An additional problem with prior methods using liquid gel
concentrates occurs in offshore and remote locations. The service
vehicles utilized to supply the offshore and remote locations have
a limited storage capacity and often must return to their source to
replenish their supply of concentrate before they are able to
complete large jobs or do additional jobs, particularly when the
liquid gel concentrate is water-based. Therefore, it would be
desirable to be able to continuously mix a well treatment gel
during the actual treatment of the subterranean formation from dry
ingredients. For example, such an on-line system could satisfy the
fluid flow requirements for large hydraulic fracturing jobs during
the actual fracturing of the subterranean formation by continuously
mixing the fracturing gel.
One method and apparatus for continuously mixing a fracturing gel
is disclosed in Constien et al. U.S. Pat. No. 4,828,034, in which a
fracturing fluid slurry concentrate is mixed through a static mixer
device 3 on a real time basis and the slurry is flowed through
baffled tanks 4, 7 in a first-in first-out flow pattern to produce
a fully hydrated fracturing fluid during the actual fracturing
operation. This process utilizes a hydrophobic solvent which is
characterized by a hydrocarbon such as diesel, as in the
hydrocarbon-based liquid gel concentrates described above.

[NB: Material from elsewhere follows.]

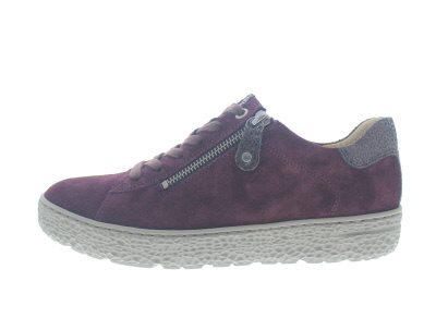 Hartjes dames veterschoen, model Phil. Voorzien van een flexibel en schokdempende EXTRALIGHT rubberen zool, licht van gewicht. Rits aan de laterale zijde voor het instap gemak. Aubergine suède. Wijdte H. Deze leest is geschikt voor de normale tot iets bredere voet, en voorzien van een uitneembaar voetbed. Hakhoogte 35mm. Hielheffing 15mm. Impregneren met Collonil Carbon Pro en regelmatig reinigen met een crêpe borstel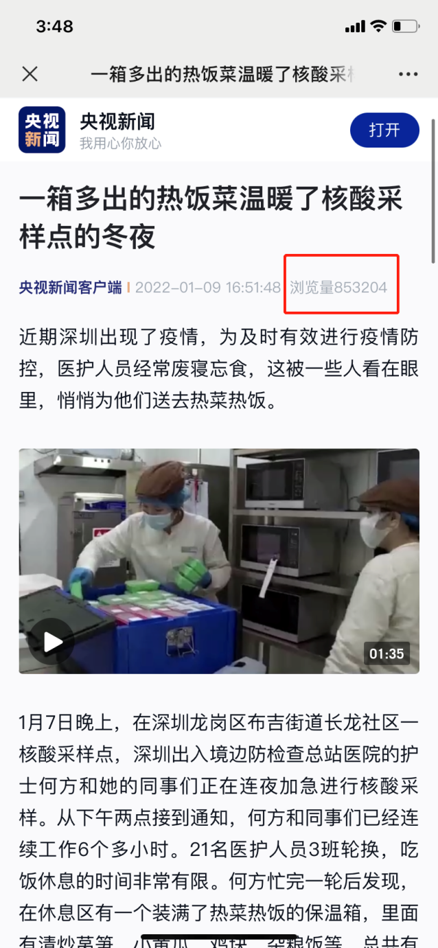1月9日,一篇名為《一箱多出的熱飯菜溫暖了核酸采樣點(diǎn)的冬夜》的報(bào)道登上了央視新聞。在深圳全民抗疫期間,“維小飯”為核酸檢測(cè)醫(yī)護(hù)人員偷偷送上用保溫箱裝好的熱飯熱菜,獲網(wǎng)友紛紛點(diǎn)贊:你永遠(yuǎn)可以相信“深圳速度”,也永遠(yuǎn)可以相信“深圳創(chuàng)新”。央視新聞報(bào)道之后,熱度持續(xù)不減。“深廣電第一現(xiàn)場(chǎng)”“羊城晚報(bào)”“光明網(wǎng)”“中國青年網(wǎng)”等權(quán)威媒體也將此事件進(jìn)行了報(bào)道,引發(fā)眾網(wǎng)友熱議。

Recently, however, there have been problems with hydrocarbon-based
liquid gel concentrates. Some well operators object to the presence
of hydrocarbon fluids, such as diesel, even though the hydrocarbon
represents a relatively small amount of the total fracturing gel
once mixed with water. Also, there are environmental problems
associated with the clean-up and disposal of both hydrocarbon-based
concentrates and well treatment gels containing hydrocarbons; as
well as with the clean-up of the tanks, piping, and other handling
equipment which have been contaminated by the hydrocarbon-based
gel. These hydrocarbon-related problems apply to the process of
Constien et al.
Accordingly, there is a need for a process to produce a well
treatment gel in which relatively higher amounts of polymer per
unit volume can be utilized while eliminating the environmental
problems and objections related to hydrocarbon-based concentrates.

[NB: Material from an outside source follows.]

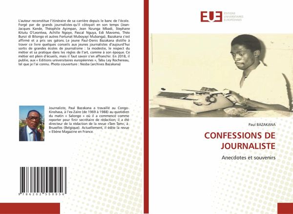 L'auteur reconstitue l'itinéraire de sa carrière depuis le banc de l'école. Forgé par de grands journalistes qu'il côtoyait en son temps (Jean-Jacques Kande, Théophile Ayimpan, Jean Nzunga Mbadi, Stephane Kitutu O'Leontwa, Achille Ngoye, Pascal Nguya, Edi Mavomo, Théo Bunzi di Bilongo et autres Fortunat Muboyayi Mubanga), Bazakana s'est affirmé et a pris ses galons. Le jeune Paul-Denis Bazakana distille à traver ce livre quelques conseils aux jeunes journalistes d'aujourd'hui sortis de grandes écoles de journalisme : la modestie, le respect du métier et sa pratique dans les règles de l'art, comme à son époque. Ce métier est plein d'écueils, mais il faut savoir s'en affranchir. En 2018, il publie, aux ' Editions universitaires européennes ', Tabu Ley Rochereau, tel que je l'ai connu. Photo couverture : Nesba (archives Bazakana)

There is also a need for apparatus and method to produce a well
treatment gel substantially continuously during the well treatment
operation to overcome the storage capacity problems discussed
above.
U.S. patent application Ser. No. 07/693,995, now Harms et al. U.S.
Pat. No. 5,190,374, which is incorporated herein by reference
thereto for purposes of disclosure, assigned to the assignee of the
present invention, discloses method and apparatus for substantially
continuously producing a fracturing gel, without the use of
hydrocarbons or suspension agents, by feeding the dry polymer into
an axial flow mixer which uses a high mixing energy to wet the
polymer during its initial contact with water. After initial
mixing, additional water may be added to the mixer to increase the
volume of water-polymer slurry produced thereby. In Harms et al., a
predetermined quantity of hydratable polymer in a substantially
particulate form is provided to a polymer or solids inlet of a
water spraying mixer. A stream of water is supplied to a water
inlet of the mixer and the water and polymer are mixed in the mixer
to form a water-polymer mix prior to discharge from the mixer. The
mixer is preferably mounted adjacent to the upper portion of a
mixing or primary tank and an agitator may be provided in the
mixing tank to further agitate and stir the slurry. The slurry may
be transferred from the mixing tank to a holding or secondary tank
after which it is discharged to the fracturing process. A high
shear device may be disposed in the holding tank. A pump may be
used for transferring the slurry from the mixing tank to the
holding tank.
Although Harms et al. disclose an on-line mixing system which may
be used with untreated and uncoated polymers, in practice there are
problems with the Harms et al. mixing system. For example, the
powder splatters inside the mixer, sticks to the walls of the
mixer, and builds up, eventually choking flow through the mixer.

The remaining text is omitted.